Using TensorFlow in a Solr Query Parser
06-19, 11:10–11:50 (Europe/Berlin), Frannz Salon

Tutorial for writing Solr Query Parser that use TensorFlow for Java to augment queries.


Typically, when you need to expand a query through a model - for example, to do entity recognition or query tagging - you'd use a separate service. While this architecture is perfectly valid, the extra network hops to the "query expansion microservices" will impact query latency.

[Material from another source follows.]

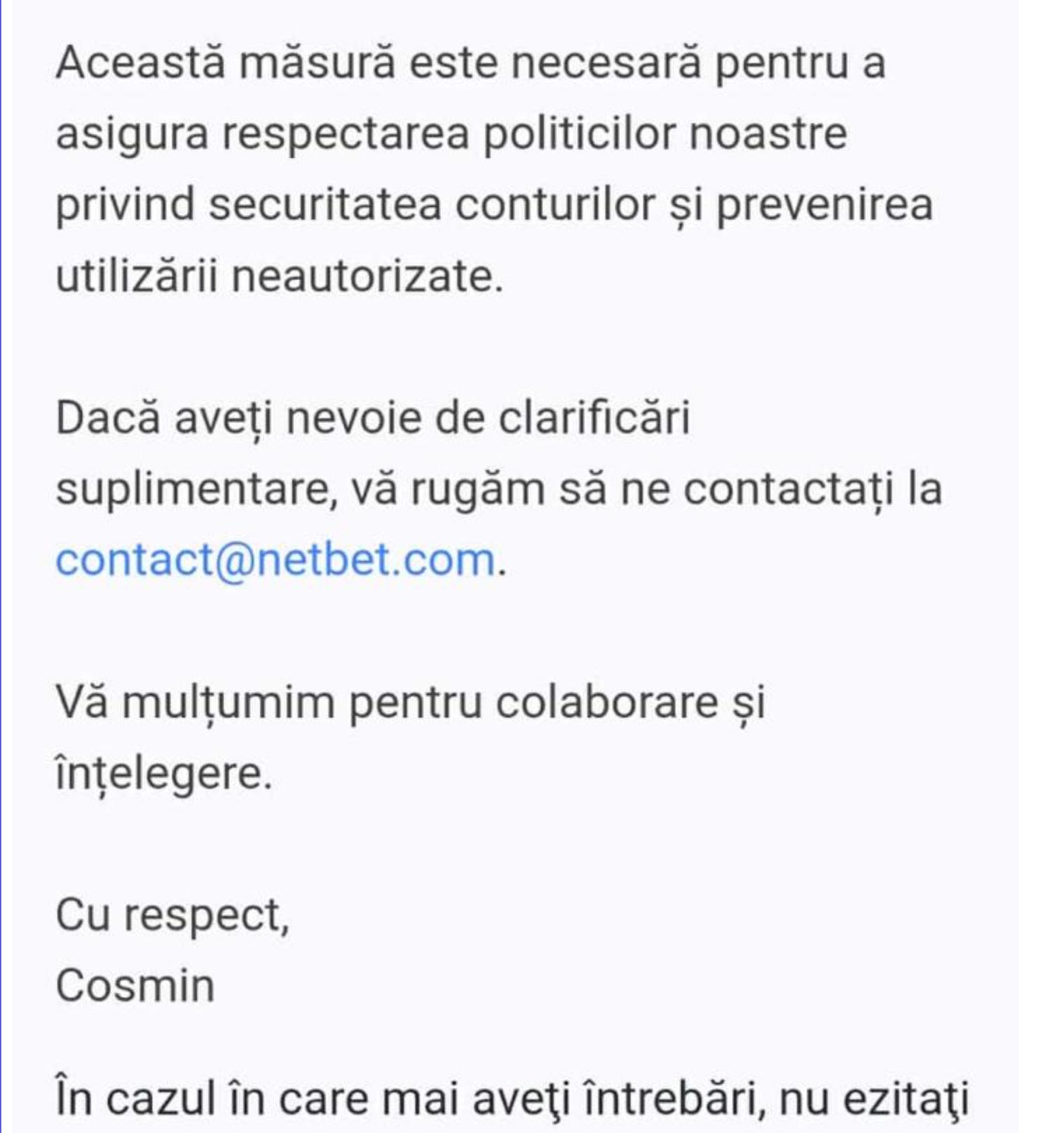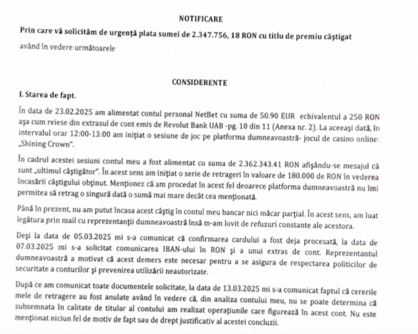 E important insa sa vedem pana unde merge jegosenia Netbet: avocatul Stetca explica meticulos totul in notificare.

For autocomplete and other low-latency use-cases, you might want to trade some complexity for speed by implementing a custom query parser. In this talk, we'll show a working example:
- we'll build a model using TensorFlow in Python that does query expansion
- we'll load it with TensorFlow for Java in a Solr Query parser
- now we can run queries and get them expanded directly in Solr

One can use this talk and the resources we'll share in order to implement a query parser for their own use-case. We'll also expand on the architecture trade-offs. For example, as you add more nodes and replicas to handle more query throughput, you'll expand the capacity for query expansion. Should you need to scale these separately, you can use coordinator nodes.

See also: Slides (527.3 KB)

Radu Gheorghe works mainly as a search consultant at Sematext, working with clients of all sizes on their Elasticsearch, OpenSearch and Solr projects. He is also a trainer and does production support for both these search engines.

Sometimes he helps out with the development of Sematext Cloud (an observability SaaS), mostly when it comes to Elasticsearch and log shippers (e.g. Logstash, rsyslog...). He also writes on the Sematext blog or helps other publish new articles.

He co-authored a book (Elasticsearch in Action, Manning), recorded a video tutorial (Working with Elasticsearch, O'Reilly) and was a speaker at a number of conferences, such as Berlin Buzzwords, LuceneSolrRevolution (later Activate) and Kubecon.

Software engineer, trainer, consultant and author from time to time - some would say that he is an all in one battle weapon concentrated mostly on Lucene, Solr and Elasticsearch. Currently an Engineering Lead in Archipelo. However he also likes all the other cool stuff that is happening in the IT world. Likes to share his knowledge by giving talks at various meet ups and conferences.